Built-to-suit leases 7 Transition for existing build-to-suit arrangements Evaluating previous build-to-suit conclusions A lessee is not required to reevaluate whether it would have been the accounting owner of an asset under construction in accordance with Topic 842 unless construction of the asset is in progress at the effective date. This is the case regardless of whether the lessee was or was not the accounting owner of the asset under current US GAAP. [842-40-55-5] If a lessee is determined to be the accounting owner of an asset under construction as of the effective date for which it was not the accounting owner under current US GAAP, it will recognize the assets and liabilities arising from being the accounting owner of an asset under construction at the later of (1) the beginning of the earliest period presented, or (2) the date it becomes the accounting owner of the asset under construction based on the guidance in Topic 842. The lessee would account for the assets after the effective date using the Topic 842 sale-leaseback guidance. Derecognition of build-to-suit assets and liabilities The transition guidance in Topic 842 requires lessees to derecognize any assets (e.g. property, plant and equipment or construction-in-progress) and liabilities recorded solely as a result of being the accounting owner of a construction project under current US GAAP unless both: [842-10-65-1(u)] construction of the asset is in progress at the effective date of Topic 842; and the lessee is the accounting owner of the underlying asset under construction based on Topic 842. A lessee derecognizes existing build-to-suit assets and liabilities at the later of the: [842-10-65-1(u)] beginning of the earliest period presented; or date the lessee was determined to be the accounting owner of the asset under current US GAAP. Any difference between the assets and liabilities derecognized is recorded to equity on that date. Derecognition of the existing build-to-suit assets and liabilities would occur in accordance with the preceding paragraphs regardless of whether the transaction qualified as a sale-leaseback transaction under current US GAAP.

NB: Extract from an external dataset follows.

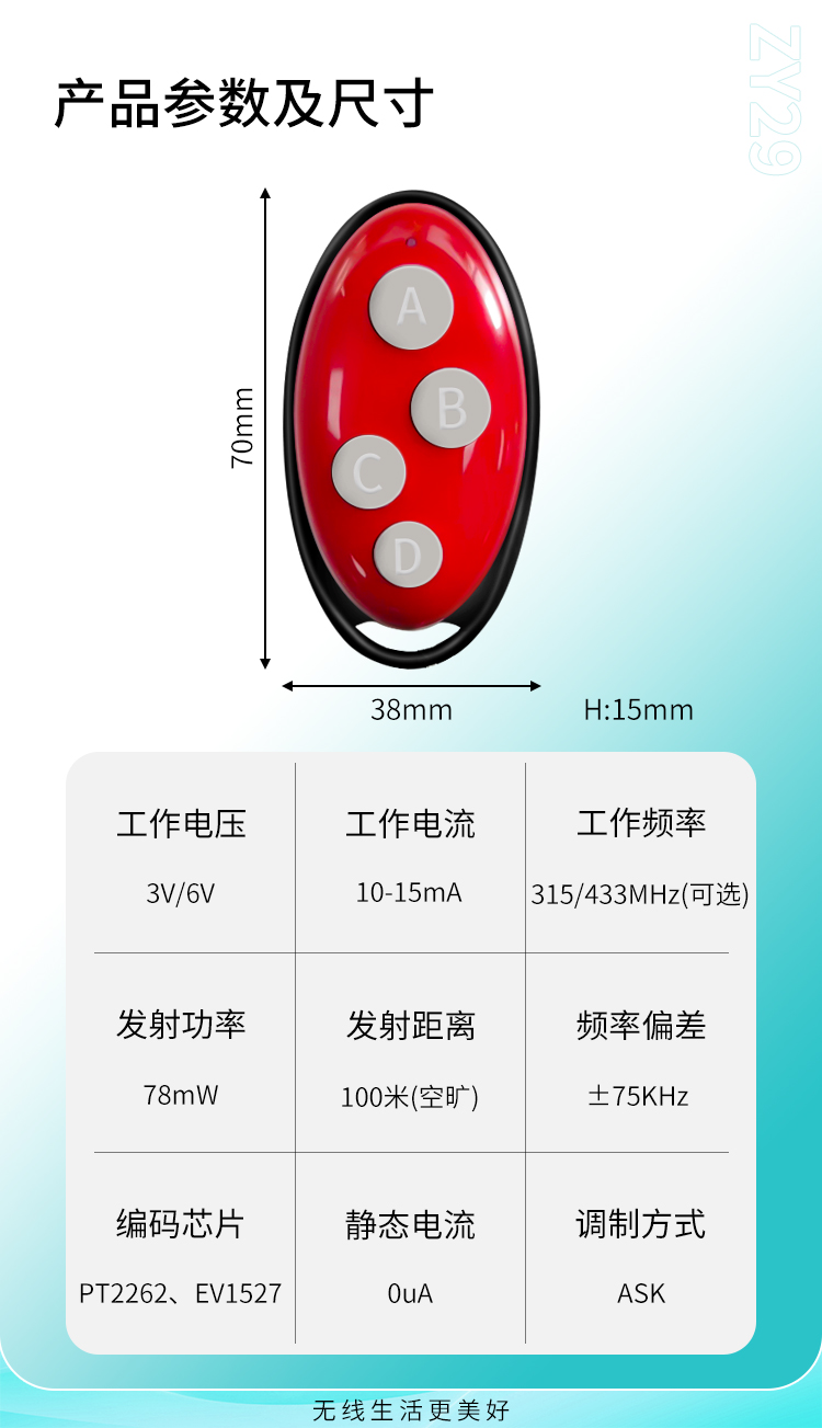 ZY29是一款小功率遥控器,外观精美,具有可靠性高、频率稳定、穿透能力强等特点;

Built-to-suit leases 8 Build-to-suit arrangements accounted for as successful sale-leaseback transactions If the construction period ended before the beginning of the earliest period presented, and the transaction qualified for sale-leaseback accounting under current US GAAP before that date, the lessee only accounts for a lease, because the build-to-suit assets and liabilities would already have been derecognized. The lessee applies the transition requirements in the same manner as it does for other sale-leaseback transactions in transition. Section 13.7 of our April 2016 Issues In-Depth discusses the sale-leaseback transition provisions of Topic 842. KPMG observation: Transition Control guidance applies only on or after the effective date The changes to the sale-leaseback guidance in Topic 842 will make it easier for a lessee that is the accounting owner of an asset under construction to derecognize the underlying asset at the end of the construction period. We believe that the FASB did not intend for a lessee to look back to periods before the effective date of Topic 842 to determine whether it would have been the accounting owner of an asset under construction. This intention would be inconsistent with much of the Board s rationale for its transition approach. It also would appear to be at odds with the guidance on sale-leaseback transactions that says the lessee does not reconsider whether a successful sale that occurred before the effective date also would have also been successful under Topic 842. Instead, Topic 842 requires that the lessee consider whether it is the owner of an asset under construction only if construction is ongoing at the effective date. Topic 842 does not appear to prohibit reevaluation of ownership if the lessee was not the accounting owner under current US GAAP The transition guidance for existing build-to-suit assets and liabilities appears to preclude continued recognition of build-to-suit assets and liabilities on the balance sheet when construction is complete by the effective date, even if the lessee would have been the accounting owner of the underlying asset under Topic 842. However, because the transition guidance is silent, we believe that it does not prohibit a lessee from evaluating under Topic 842 whether it was the accounting owner of an asset for which construction was complete by the effective date and for which it was not the accounting owner under current US GAAP.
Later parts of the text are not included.